Demonstrators are eager to help build a movement that can prevail over
those powerful institutions. But America's mainstream news outlets are
ill-positioned to shed much light on the underlying issues.

	The standard media lexicon is filled with buzzwords that snap
together as neatly as Leggo plastic blocks. Terms like "economic reform,"
"free markets" and "eliminating trade barriers" appear with such frequency
and assurance that they seem to be noting the only rational economic path
for less-developed countries. In reporting on the World Bank and the IMF,
as well as the kindred World Trade Organization, familiar media jargon has
long depicted the wisdom of their "reform" edicts as a no-brainer.

	What's implicit in a lot of news coverage often becomes explicit
in punditry. For example, when the nation's two biggest news weeklies
reported on the demonstrations against the WTO in Seattle a few months
ago, the magazines only published fervent pro-WTO commentaries to put it
all in perspective. Newsweek's sole opinion piece on the subject came from
Fareed Zakaria, managing editor of Foreign Affairs, who decried "a
disparate and motley crew of protesters" while bemoaning "the carnival
tactics of a small but effective minority."

	Meanwhile, both of Time's commentaries lauded the WTO and
belittled the protesters. Under the headline "Return of the Luddites,"
Charles Krauthammer mocked what he called the "kooky crowd" protesting in
Seattle -- "one-world paranoids"; "apolitical Luddites, who refuse to
accept that growth, prosperity and upward living standards always entail
some dislocation"; and "the leftover left." Krauthammer's essay was
typeset around a photo of union activists protesting the WTO. The caption
repeated one of his epithets: "Kooky Crowd."
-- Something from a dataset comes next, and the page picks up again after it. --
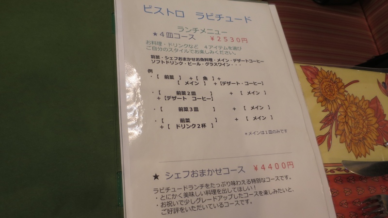 ランチのメニューは、「4皿コース」2,530円と、「シェフお任せコース」4,400円があります。

	That sort of media invective is in the cards for the April 16-17
demonstrations in Washington. Last Tuesday, as a warm-up, The Wall Street
Journal began its lead editorial with the declaration that protesters
"will be bringing their bibs and bottles to the nation's capital this week
to have a run at the annual spring meetings of the IMF and World Bank." In
the next sentence the newspaper labeled the array of expected protesters
"a smorgasbord of save-the-turtles activists, anarchists, egalitarians,
Luddites and Marxists."

	The editorial went on to describe the D.C. demonstrations as "an
anti-trade festival." It's a distortion that commonly makes its way into
news stories. But protesters taking to the streets against the IMF and
World Bank aren't opposed to "trade" any more than those who fought to
outlaw slavery were against work.

	"We are not against trade," says former Haitian president
Jean-Bertrand Aristide, "we are not against free trade, but our fear is
that the global market intends to annihilate our markets. We will be
pushed to the cities, to eat food grown on factory farms in distant
countries, food whose price depends on the daily numbers game" of the
global marketplace.

	In a book being published next week, "Eyes of the Heart," Aristide
explains that the austerity programs championed by the IMF and World Bank
offer "a choice between death and death" in poor countries. For instance:
"Haiti, under intense pressure from the international lending
institutions, stopped protecting its domestic agriculture while subsidies
to the U.S. rice industry increased. A hungry nation became hungrier."

	On a planet with half of the population -- 3 billion people --
living on less than two dollars a day, Aristide writes, "the statistics
that describe the accumulation of wealth in the world are mind-boggling.
... Behind this crisis of dollars there is a human crisis: among the poor,
immeasurable human suffering; among the others, the powerful, the policy
makers, a poverty of spirit which has made a religion of the market and
its invisible hand. A crisis of imagination so profound that the only
measure of value is profit, the only measure of human progress is economic
growth."

	Often, major U.S. media and foes of corporate globalization seem
to be speaking entirely different languages. Journalists and their usual
sources like to talk about "economic growth" and "opportunity." But the
protests in Washington are demanding "global justice."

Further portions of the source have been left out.